Anyone can use a load balancer. Using them properly is much more difficult.

Thomas A. Limoncelli

A reader contacted me recently to ask if it is better to use a load balancer to add capacity or to make a service more resilient to failure. The answer is: both are appropriate uses of a load balancer. The problem, however, is that most people who use load balancers are doing it wrong.

In today's web-centric, service-centric environments the use of load balancers is widespread. I assert, however, that most of the time they are used incorrectly. To understand the problem, we first need to discuss a little about load balancers in general. Then we can look at the problem and solutions.

A load balancer receives requests and distributes them to two or more machines. These machines are called replicas, as they provide the same service.

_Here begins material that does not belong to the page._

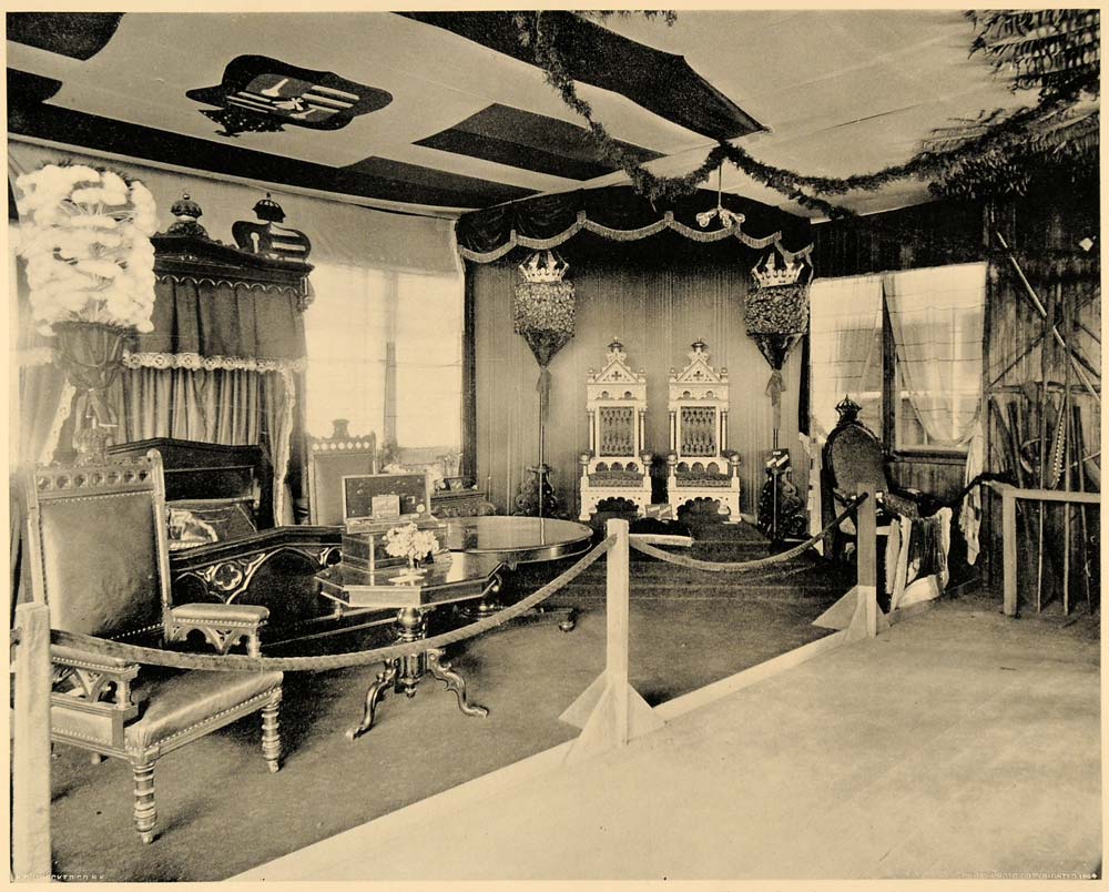 Description: The Thrones of Hawaii, royal furnishings, the royal feather cloak, kāhili and royal standards, along with other items being displayed in the Hawaiian Village at the California Midwinter International Exposition of 1894, in San Francisco.

For the sake of simplicity, assume these are HTTP requests from web browsers, but load balancers can also be used with HTTPS requests, DNS queries, SMTP (email) connections, and many other protocols. Most modern applications are engineered to work behind a load balancer.

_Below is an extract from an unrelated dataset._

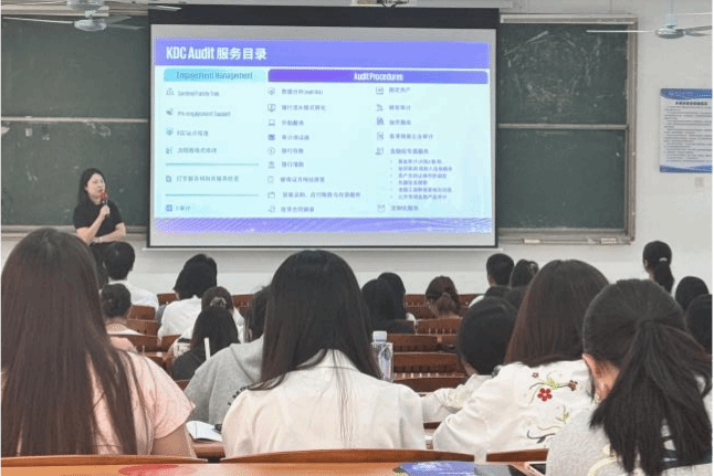 最后,人力资源部经理Carol也分享了在KDC的多元职业发展道路。从专业能力提升到职业技能培养,从企业文化到工作氛围,Carol用亲身经历告诉同学们要明确职业定位,做好长远规划,并鼓励大家在审计领域持续深耕。

Load Balancing for Capacity versus Resilience

There are two primary ways to use load balancers: to increase capacity and to improve resiliency.

Using a load balancer to increase capacity is very simple. If one replica is not powerful enough to handle the entire incoming workload, a load balancer can be used to distribute the workload among multiple replicas.

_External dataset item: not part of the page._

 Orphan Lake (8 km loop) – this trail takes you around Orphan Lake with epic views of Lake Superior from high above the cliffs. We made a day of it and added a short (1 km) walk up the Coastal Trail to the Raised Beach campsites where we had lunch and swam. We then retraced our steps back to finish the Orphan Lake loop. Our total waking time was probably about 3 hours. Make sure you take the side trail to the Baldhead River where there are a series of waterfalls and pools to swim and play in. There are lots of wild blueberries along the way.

Suppose a single replica can handle 100 QPS (queries per second). As long as fewer than 100 QPS are arriving, it should run fine. If more than 100 QPS arrive, then the replica becomes overloaded, rejects requests, or crashes. None of these is a happy situation.

If there are two machines behind a load balancer configured as replicas, then capacity is 200 QPS; three replicas would provide 300 QPS of capacity, and so on. As more capacity is needed, more replicas can be added. This is horizontal scaling.

Load balancers can also be used to improve resiliency. Resilience means the ability to survive a failure. Individual machines fail, but the system should continue to provide service. All machines eventually fail—that's physics. Even if a replica had near-perfect uptime, you would still need resiliency mechanisms because of other externalities such as software upgrades or the need to physically move a machine.

A load balancer can be used to achieve resiliency by leaving enough spare capacity that a single replica can fail and the remaining replicas can handle the incoming requests.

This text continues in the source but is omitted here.